I observed the drama of 1948-49 from the security of an ancient Oxford college, where I was an undergraduate. Academic opinion was then, on balance, favorable to the new Zion: many dons had been brought up in the philo-Semitic tradition of Daniel Deronda (1876), George Eliot's novel about a young man who discovers his identity as a Jew and dedicates himself to the Zionist cause, and they welcomed Israel as an intellectual and moral artifact. But opinion was also virtually unanimous that the state would be crushed. That was assuredly the view of most governments and military staffs: the notion of the Jew as a soldier had not yet captured the Western imagination.

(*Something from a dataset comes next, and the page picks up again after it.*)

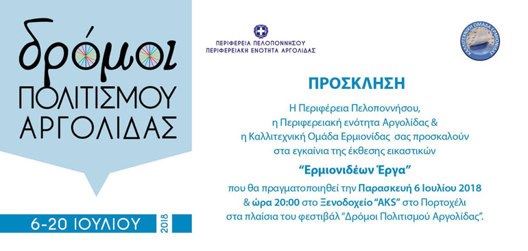 Έκθεση ζωγραφικής, αγιογραφίας, ξυλογλυπτικής, κοσμήματος και χειροτεχνίας από ερασιτέχνες δημιουργούς που ζουν και δραστηριοποιούνται στην Ερμιονίδα θα πραγματοποιηθεί στο πλαίσιο του Φεστιβάλ «Δρόμοι Πολιτισμού Αργολίδας».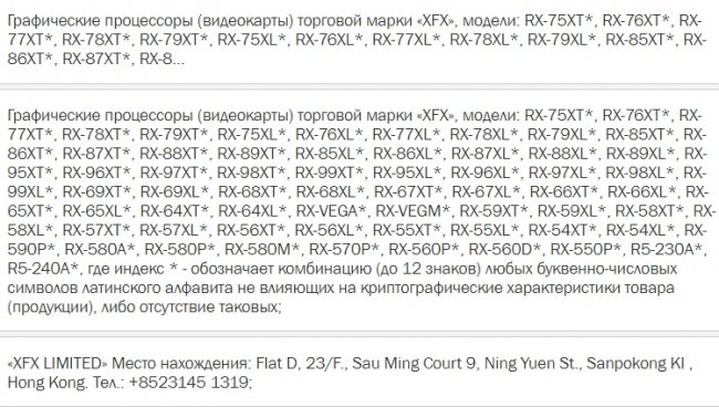 Самыми старшими на данный момент потребительскими видеокартами AMD являются модели Radeon RX 5000-й серии. Об их преемниках компания AMD пока что не распространяется, ограничиваясь лишь малыми порциями информации о следующем поколении графических процессоров. Однако это не помешало XFX зарегистрировать названия будущих видеокарт в базе Евразийской экономической комиссии (ЕЭК). В свежей нотификации от 10 апреля упоминается множество видеокарт серий Radeon RX 6000, RX 7000, RX 8000 и даже RX 9000. Все они упоминаются в зашифрованном виде, но понять, о каких моделях идёт речь, не составит труда. Например, под кодовым названием RX99XT* явно подразумевается Radeon RX 9900 XT. Таким образом у XFX формируются артикулы видеокарт. Интересно, что помимо моделей с суффиксом «XT» в названии, также упоминаются и модели с суффиксом «XL». По всей видимости, под этим кодовым названием проходят обычные модели, без буквенного обозначения. Например, в списке фигурируют видеокарты RX57*XL и RX57*XT, которые на самом деле являются моделями Radeon RX 5700 и RX 5700 XT соответственно. Также XFX упоминает несколько видеокарт с суффиксами «A» «M» и «P», но что означают эти сокращения, понять сложно. Похоже, компания AMD намерена ещё довольно долго использовать схему наименований, предложенную в 5000-й серии видеокарт Radeon RX. В среднем сегменте будут предлагаться видеокарты Radeon RX x500 и RX x600, чуть выше будут стоять модели Radeon RX x700, а самыми старшими станут ускорители Radeon RX x800 и RX x900. Правда, нельзя исключать и возможность того, что всё это лишь инициатива самой XFX, и реальные планы у компании AMD другие.

In 1948, the Haganah, Israel's defense force, had 21,000 men, as against a professional Arab invading army of 10,000 Egyptians, 4,500 in Jordan's Arab Legion, 7,000 Syrians, 3,000 Iraqis, and 3,000 Lebanese—plus the "Arab Liberation Army" of Palestinians. In equipment, including armor and air power, the odds were similarly heavy against Israel. Revisionist historians (including Israeli ones) now portray the War of Independence as a deliberate Zionist land grab, involving the use of terrorism to panic Arabs into quitting their farms and homes. They ignore the central fact that the Zionist leaders did not want war but rather feared it as a risk to be taken only if there was absolutely no alternative. That is why in 1947 the Zionist leadership had accepted the United Nations partition scheme, which would have given the nascent state only 5,500 square miles, chiefly in the Negev desert, and would have created an impossible entity of 538,000 Jews and 397,000 Arabs. Arab rejection of this scheme was an act of supreme folly.
Of course the Jews fought heroically, and performed prodigies of improvisation: they had to—it was either that or extermination. No doubt they fought savagely, too, on occasion, and committed acts that might appear to lend some coloring to the revisionist case. But as a whole that case is historically false. It was the Arab leadership, by its obduracy and its ready resort to force, that was responsible for the somewhat enlarged Israel that emerged after the 1949 armistice, and the same mind-set would create the more greatly enlarged Israel that emerged after the Six-Day War of 1967. In another of the paradoxes of history, the frontiers of the state, as they exist today, were as much the doing of the Arabs as of the Jews. If it had been left to the UN, tiny Zion probably could not have survived.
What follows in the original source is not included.